Without copying the images, write out all the entries below verbatim.

Records contained in a dataset>
————
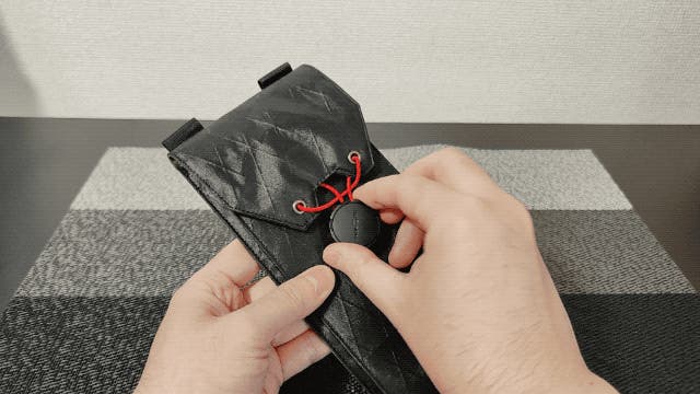 A:メイン素材には高耐久・防水性に優れたX-PACを採用しています。これにより、軽量なのに丈夫で、雨や汚れにも強い仕様です。
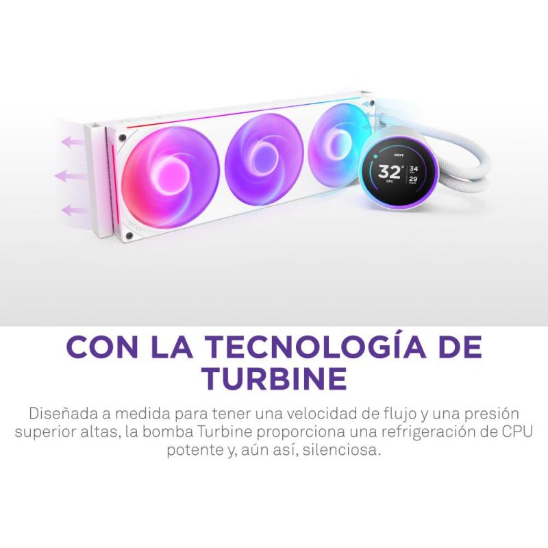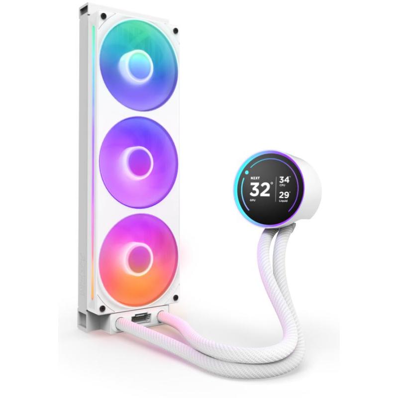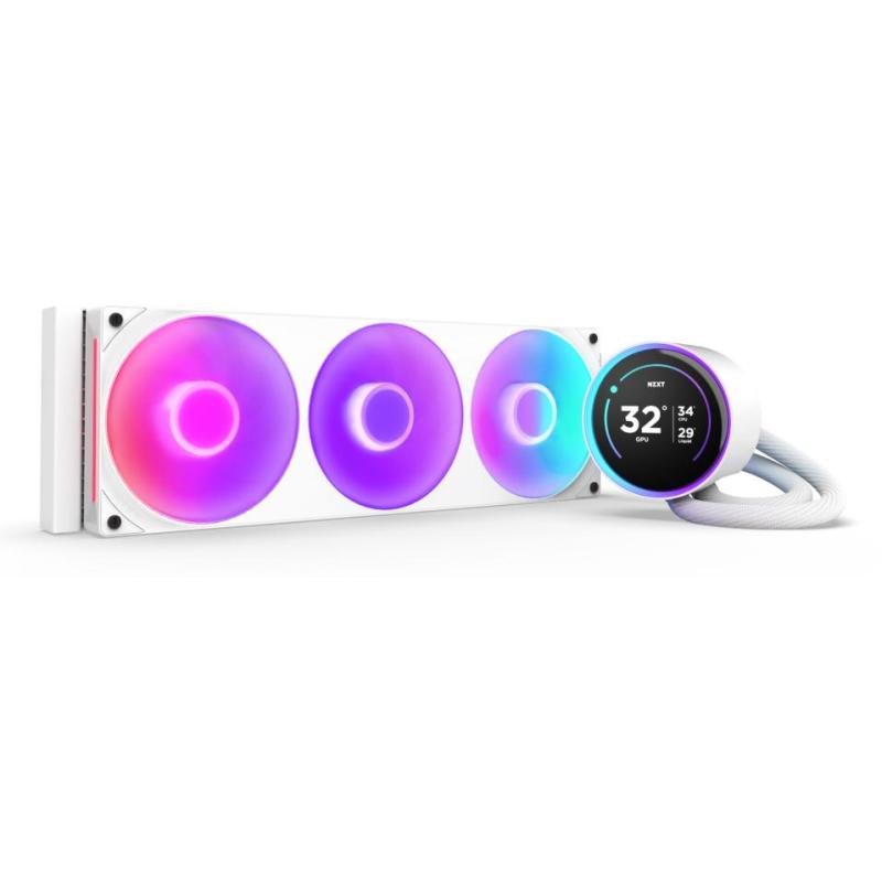 Refrigeración Líquida NZXT Kraken Elite 360 RGB disipador líquido con pantalla LCD 3 ventiladores de 12 cm iluminación RGB y compatibilidad con Intel y AMD, color Blanco
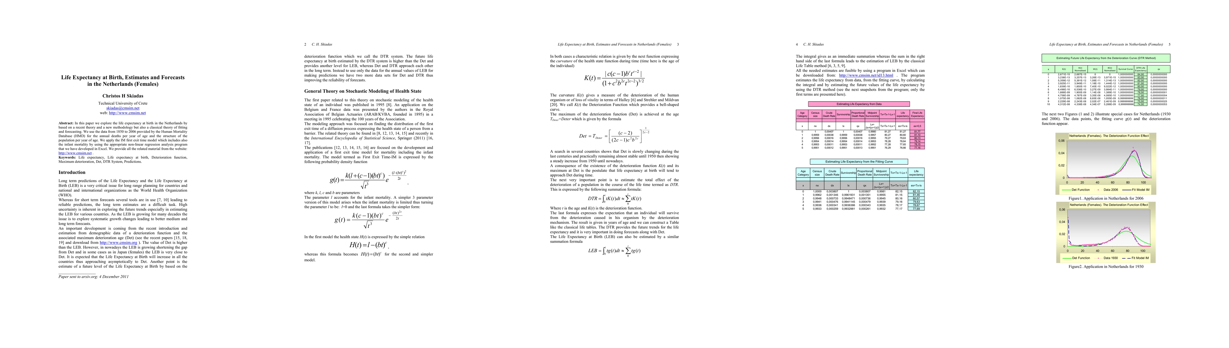 In this paper we explore the life expectancy at birth in the Netherlands by based on a recent theory and a new methodology but also a classical theory of fitting and forecasting. We use the data from 1850 to 2006 provided by the Human Mortality Database (HMD) for the annual deaths per year of age and the structure of the population per year of age. We apply the IM first exit time model which includes also the infant mortality by using the appropriate non-linear regression analysis program that we have developed in Excel. We provide all the related material from the website: http://www.cmsim.net
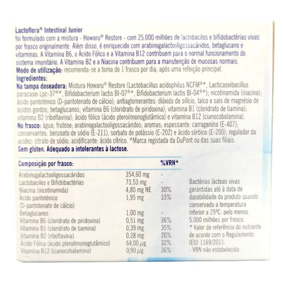 Lactoflora Intestinal Júnior é um simbiótico (mistura de probióticos e fibra prebiótica) com vitaminas e aloé vera.
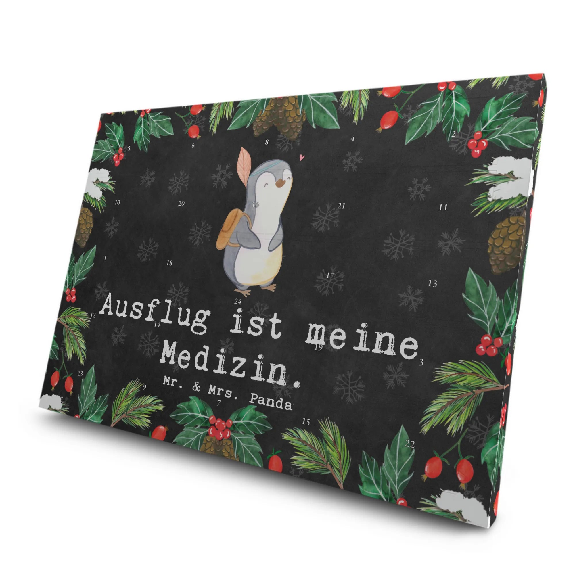 Der Tee Adventskalender mit dem niedlichen Pinguin-Motiv "Ausflug ist meine Medizin" von Mr. & Mrs. Panda ist das perfekte Geschenk für alle, die das Abenteuer lieben und gerne reisen.
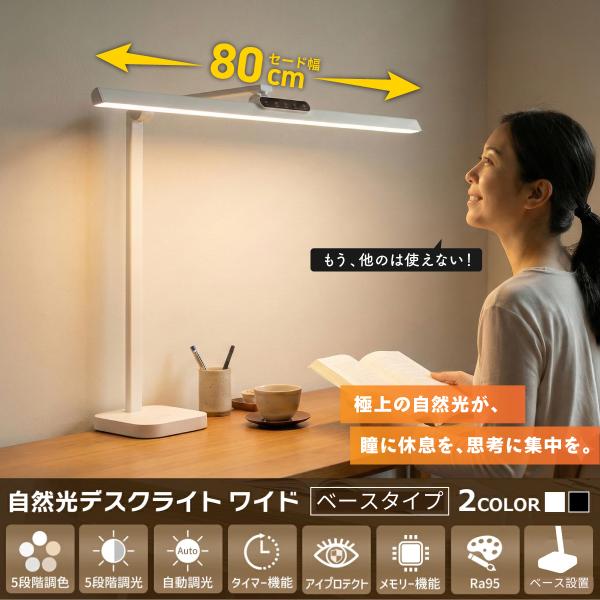 『照明士推奨/1年保証』デスクライト LED 自然光デスクライト 目に優しい 調光 調色 Ra95 ワイド セード幅80cm ベース おしゃれ 勉強 学習机
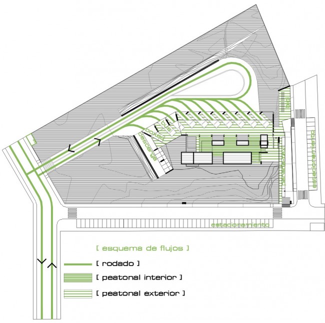 車站內有兩個不同的層區,巴士停泊區和乘客活動區。公交車在地平層進出,與乘客的動線幾乎沒有交叉。乘客的入口位于靠近城市的更高平面上。建筑師通過石子鋪面來引導層高不同的兩支流線。只要進入到“巨石”覆蓋的區域,人們便很容易進入到站內。
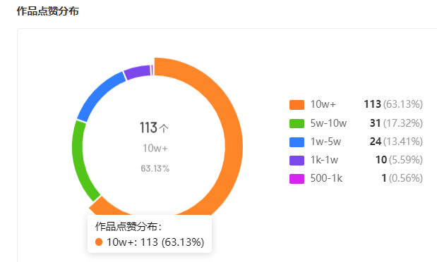 以笑笑悟為例,2020年11月入局視頻號至今,收獲了近300條點贊10W+視頻。從她的【作品點贊分布】來看,近180天179個作品中,點贊10W+占比63.13%。點贊5-10W作品數(shù)占比17.32%,二者之和超過80%。據(jù)笑笑透露,目前視頻號關(guān)注用戶340多萬。
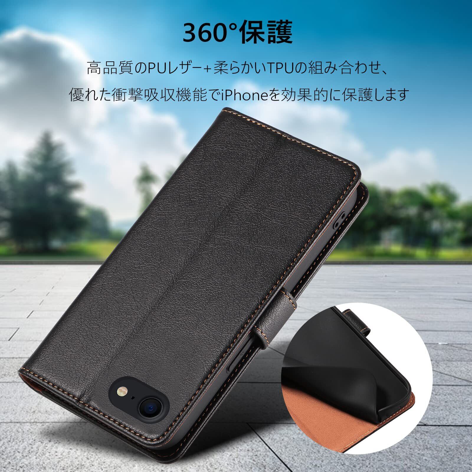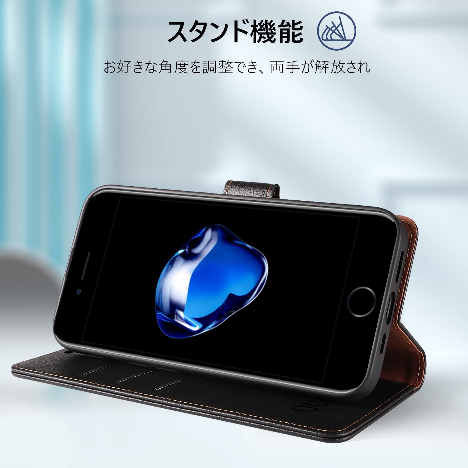 QUEASON 互換品 スマホケースマグネット式 PUレザー iphone se 用 ケース 手帳型 耐衝撃 iphone8 用 ケース 手帳型 カード収納 スタンド機能 iphone se3 用 ケース 手帳型 携帯カバー iphone se2 用 ケース 手帳型 落下防止 全面保護(ブラック)
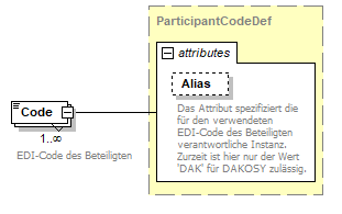 source | <xsd:element name="Participants"> <xsd:annotation> <xsd:documentation xml:lang="DE">es können max.11 Beteiligte kommuniziert werden. Bei Kommunikationen mit DAKOSY sind Beteiligte mit der Rolle 'Sender' (Absender) und 'Recipient' (Empfänger) Pflicht.</xsd:documentation> <xsd:documentation xml:lang="EN">Up to 11 entries can be sent:</xsd:documentation> <xsd:documentation xml:lang="EN">SENDER - mandatory with DAKOSY-code</xsd:documentation> <xsd:documentation xml:lang="EN">RECIPIENT - mandatory with DAKOSY-Code. Maximum of nine entries is possible.</xsd:documentation> <xsd:documentation xml:lang="EN">EDI_PROVIDER</xsd:documentation> </xsd:annotation> <xsd:complexType> <xsd:sequence> <xsd:element name="Participant" type="ParticipantDef" minOccurs="2" maxOccurs="11"/> </xsd:sequence> </xsd:complexType> </xsd:element> |
————
REPLY TO THE TASK>
 A:メイン素材には高耐久・防水性に優れたX-PACを採用しています。これにより、軽量なのに丈夫で、雨や汚れにも強い仕様です。
 Refrigeración Líquida NZXT Kraken Elite 360 RGB disipador líquido con pantalla LCD 3 ventiladores de 12 cm iluminación RGB y compatibilidad con Intel y AMD, color Blanco
 In this paper we explore the life expectancy at birth in the Netherlands by based on a recent theory and a new methodology but also a classical theory of fitting and forecasting. We use the data from 1850 to 2006 provided by the Human Mortality Database (HMD) for the annual deaths per year of age and the structure of the population per year of age. We apply the IM first exit time model which includes also the infant mortality by using the appropriate non-linear regression analysis program that we have developed in Excel. We provide all the related material from the website: http://www.cmsim.net
 Lactoflora Intestinal Júnior é um simbiótico (mistura de probióticos e fibra prebiótica) com vitaminas e aloé vera.
 Der Tee Adventskalender mit dem niedlichen Pinguin-Motiv "Ausflug ist meine Medizin" von Mr. & Mrs. Panda ist das perfekte Geschenk für alle, die das Abenteuer lieben und gerne reisen.
 『照明士推奨/1年保証』デスクライト LED 自然光デスクライト 目に優しい 調光 調色 Ra95 ワイド セード幅80cm ベース おしゃれ 勉強 学習机
 車站內有兩個不同的層區,巴士停泊區和乘客活動區。公交車在地平層進出,與乘客的動線幾乎沒有交叉。乘客的入口位于靠近城市的更高平面上。建筑師通過石子鋪面來引導層高不同的兩支流線。只要進入到“巨石”覆蓋的區域,人們便很容易進入到站內。
 以笑笑悟為例,2020年11月入局視頻號至今,收獲了近300條點贊10W+視頻。從她的【作品點贊分布】來看,近180天179個作品中,點贊10W+占比63.13%。點贊5-10W作品數(shù)占比17.32%,二者之和超過80%。據(jù)笑笑透露,目前視頻號關(guān)注用戶340多萬。
 QUEASON 互換品 スマホケースマグネット式 PUレザー iphone se 用 ケース 手帳型 耐衝撃 iphone8 用 ケース 手帳型 カード収納 スタンド機能 iphone se3 用 ケース 手帳型 携帯カバー iphone se2 用 ケース 手帳型 落下防止 全面保護(ブラック)
 source | <xsd:element name="Participants"> <xsd:annotation> <xsd:documentation xml:lang="DE">es können max.11 Beteiligte kommuniziert werden. Bei Kommunikationen mit DAKOSY sind Beteiligte mit der Rolle 'Sender' (Absender) und 'Recipient' (Empfänger) Pflicht.</xsd:documentation> <xsd:documentation xml:lang="EN">Up to 11 entries can be sent:</xsd:documentation> <xsd:documentation xml:lang="EN">SENDER - mandatory with DAKOSY-code</xsd:documentation> <xsd:documentation xml:lang="EN">RECIPIENT - mandatory with DAKOSY-Code. Maximum of nine entries is possible.</xsd:documentation> <xsd:documentation xml:lang="EN">EDI_PROVIDER</xsd:documentation> </xsd:annotation> <xsd:complexType> <xsd:sequence> <xsd:element name="Participant" type="ParticipantDef" minOccurs="2" maxOccurs="11"/> </xsd:sequence> </xsd:complexType> </xsd:element> |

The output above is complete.